While what you said here is true about under tensioned spokes being more likely to fatigue and fail, the person you responded to was building a track wheel where tension disparities are next to nil.

Even so, the rim is really your weakest link. If a spoke breaks due to undertensioning, you can replace that spoke. If you overtension your drive side spokes, rim spoke holes crack, the rim is junk and you have to completely rebuild.

This being said, a good quality rim (one that doesn't say Mavic, Bontrager or Velocity on it) can handle a drive side torque of 130kgF. On a symetrical rim with a Shimano standard 11-speed hub with equal diameter flanges, this will bring you to around 55kgF which is adequate. I have built a number of wheels like this and never had one fail. Using a hub with a wider DS flange or an asymetrical rim will bring your NDS tension to around 65-70kgF. Use both and you can get even higher. 

As November Dave once said and I will paraphrase: "Once your wheel is up to tension, more tension does not give you a stronger wheel. This myth needs to die". However, more spokes does indeed give you a stronger wheel as you have load spread out across more spokes. This is simple common sense. Plain and simple, if you use fewer spokes, you need a heavier more robust wheel to compensate. And this creates the perfect storm. Fewer spokes will cause the wheel to flex more, but because the rim is heavier, the rim itself will flex less. Less rim flexing means the rim will not move along with the bike as much when you put torque on the rear wheel climbing a hill. Therefore you are more likely to flex the wheel to the point of rubbing the frame. Did I mention this was the perfect storm?

Lastly. If you are looking for a good tensiometer, I highly recommend the one made by K&P Lie. Far better than that Park Tool POS.


----------



## GKSki (Nov 12, 2014)

How do you all keep track of a thread that is 14 years old?
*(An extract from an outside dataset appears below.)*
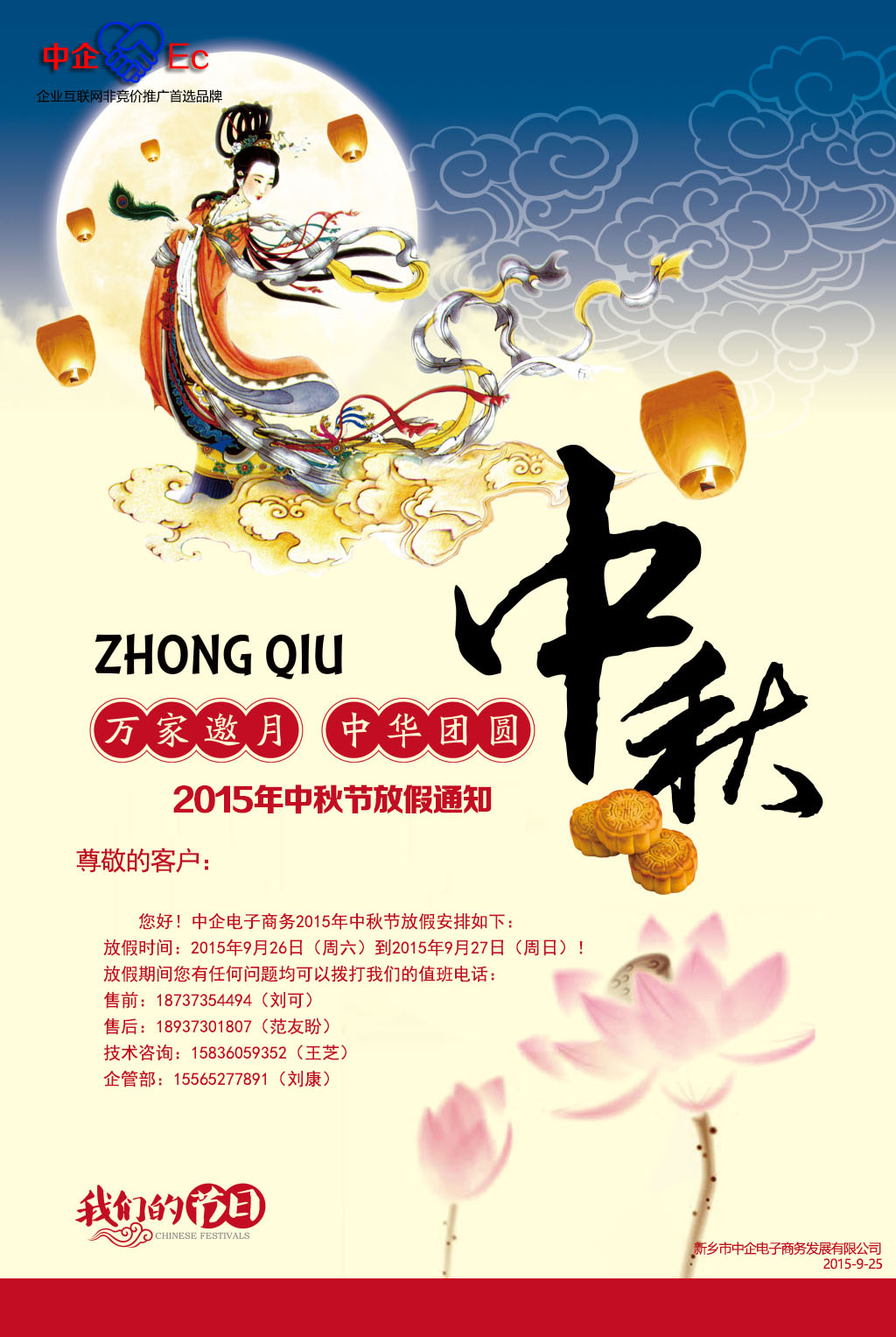 2015年中企電商中秋節(jié)放假通知 更新時(shí)間:2015-09-25點(diǎn)擊次數(shù):6696次

32 spokes are always better because 32 is an exponent of 2.


----------



## No Time Toulouse (Sep 7, 2016)

I'd just like to add a few notes on your answer to this decade-and-a-half-old thread:



Licensed Mechanic said:


> Think of spokes as bolts. They are elastic and create tension when stretched. If you have a bolt where you can measure its length as it is tightened, you can measure its stretch with a micrometer.


I've got a LOT of micrometers, but none of them are sensitive enough to measure this. Perhaps a supermicrometer? Mostly, though, engineers measuring bolt stress use strain gauges.



> If they experience repeated loads that are greater than their tension, they will stretch, and eventually fatigue and fail. It is spokes that are under tensioned that fail. Why you see spokes on the left side of the rear wheel fail . ..


Actually, non-drive side spoke failure is more common on the leading-direction spokes, because those spokes actually can cycle all the way to zero tension and back, sometimes several times a second. That's why radial-spoking is common on heavily-dished non-drive sides.


----------



## Lombard (May 8, 2014)

GKSki said:


> How do you all keep track of a thread that is 14 years old?
> 
> 32 spokes are always better because 32 is an exponent of 2.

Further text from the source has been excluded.